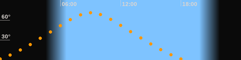 Höchster Stand (Kulmination)09:02 Uhr (h = 71,1°)
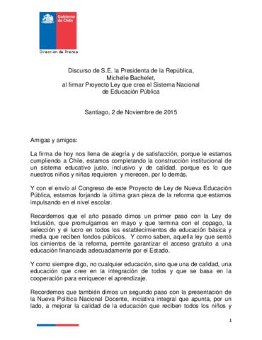 Discurso de Michelle Bachelet al firmar Proyecto Ley que crea el Sistema Nacional de Educación Pública
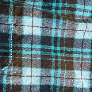 Plaid button up with long sleeves, buttoned cuffs, collared shirt, 100% cotton lightweight material.
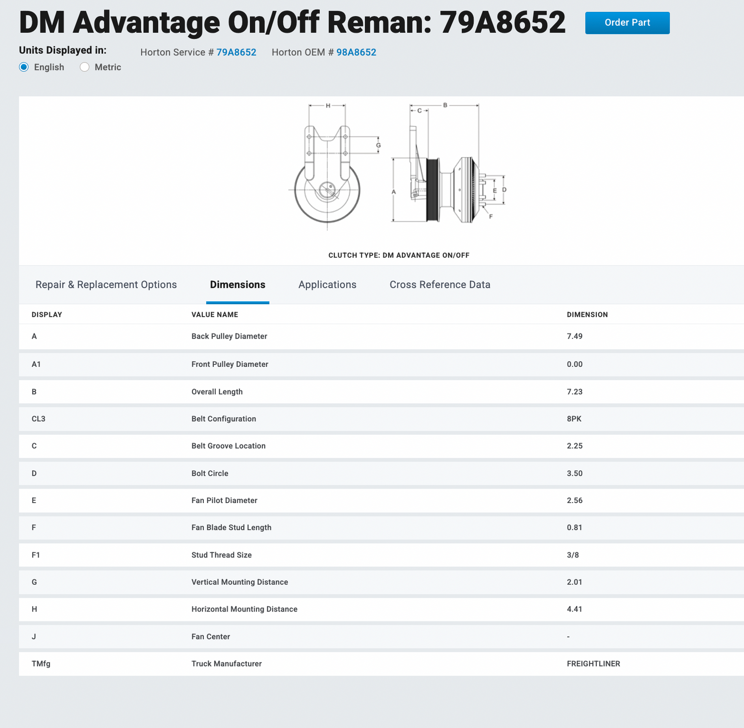 (GOOD USED) Cummins ISL9 Horton 2-Speed Fan Clutch 98A8652 For Sale, Part # 98A8652, Mounting Base Part # 602073, 5K21, Pulley Part # 601834, Pulled Off 2015 Cummins ISL9 w/ CPL # 4525, CM2350 L101, Also fits Cummins ISC, Serial # 7533643, Stock # 9553
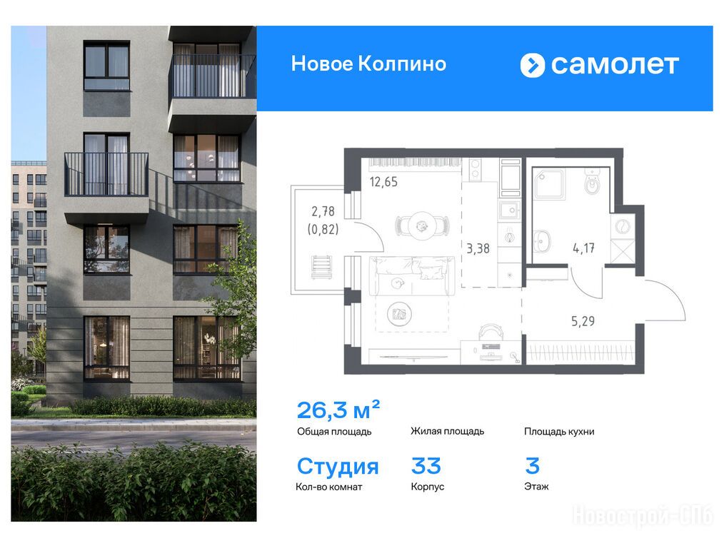 Продается студия в новостройке ЖК «Новое Колпино» по адресу Санкт-Петербург, Колпинский, Колпино, ЖК «Новое Колпино», корп. 33. Общая площадь квартиры - 26.31 кв. м. Тип проекта, по которому построен дом — Монолитно-кирпичный, компания-застройщик — ООО «СПб Реновация», Самолет. Стоимость квартиры — 5 243 715 руб. Способы оплаты можно уточнить у продавца. Срок сдачи — 1 квартал 2026. Более подробная информация по телефону.
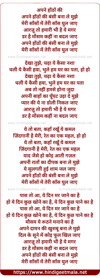 Lyrics of Apane Honthon Ki Bansi Banaale Mujhe - अपने होंठों की बंसी बना ले मुझे
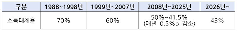 국민연금은 연금액 산정 시 ‘소득대체율’이 반영됩니다.
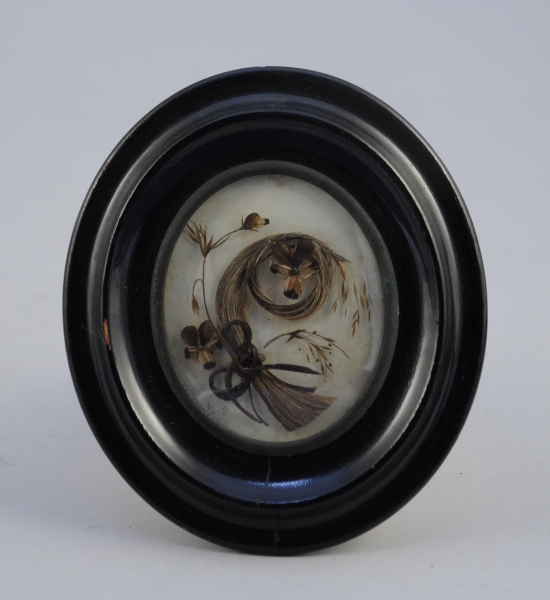 Cheveux blonds et bruns collés sur verre fomant une volute et un branchage fleuri stylisé lié par un ruban en noeud de rosette. Fond de papier blanc. Cadre en bois noirci et baguette de métal, verre bombé.
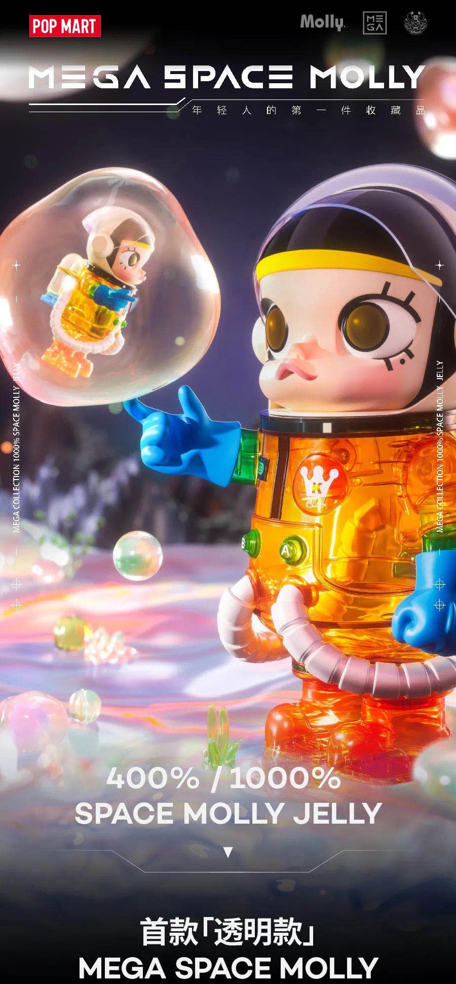 近期,最新一款也是首个透明款 MEGA SPACE MOLLY「JELLY」开启登记抽签,全球限量 2000 体,定价 ¥4999 RMB。

WORK TO BE COMPLETED: Without the pictures, write out every line above exactly as it appears.

RESULT FOR THIS TASK:
 Höchster Stand (Kulmination)09:02 Uhr (h = 71,1°)
 Discurso de Michelle Bachelet al firmar Proyecto Ley que crea el Sistema Nacional de Educación Pública
 Plaid button up with long sleeves, buttoned cuffs, collared shirt, 100% cotton lightweight material.
 (GOOD USED) Cummins ISL9 Horton 2-Speed Fan Clutch 98A8652 For Sale, Part # 98A8652, Mounting Base Part # 602073, 5K21, Pulley Part # 601834, Pulled Off 2015 Cummins ISL9 w/ CPL # 4525, CM2350 L101, Also fits Cummins ISC, Serial # 7533643, Stock # 9553
 Продается студия в новостройке ЖК «Новое Колпино» по адресу Санкт-Петербург, Колпинский, Колпино, ЖК «Новое Колпино», корп. 33. Общая площадь квартиры - 26.31 кв. м. Тип проекта, по которому построен дом — Монолитно-кирпичный, компания-застройщик — ООО «СПб Реновация», Самолет. Стоимость квартиры — 5 243 715 руб. Способы оплаты можно уточнить у продавца. Срок сдачи — 1 квартал 2026. Более подробная информация по телефону.
 Lyrics of Apane Honthon Ki Bansi Banaale Mujhe - अपने होंठों की बंसी बना ले मुझे
 국민연금은 연금액 산정 시 ‘소득대체율’이 반영됩니다.
 Cheveux blonds et bruns collés sur verre fomant une volute et un branchage fleuri stylisé lié par un ruban en noeud de rosette. Fond de papier blanc. Cadre en bois noirci et baguette de métal, verre bombé.
 近期,最新一款也是首个透明款 MEGA SPACE MOLLY「JELLY」开启登记抽签,全球限量 2000 体,定价 ¥4999 RMB。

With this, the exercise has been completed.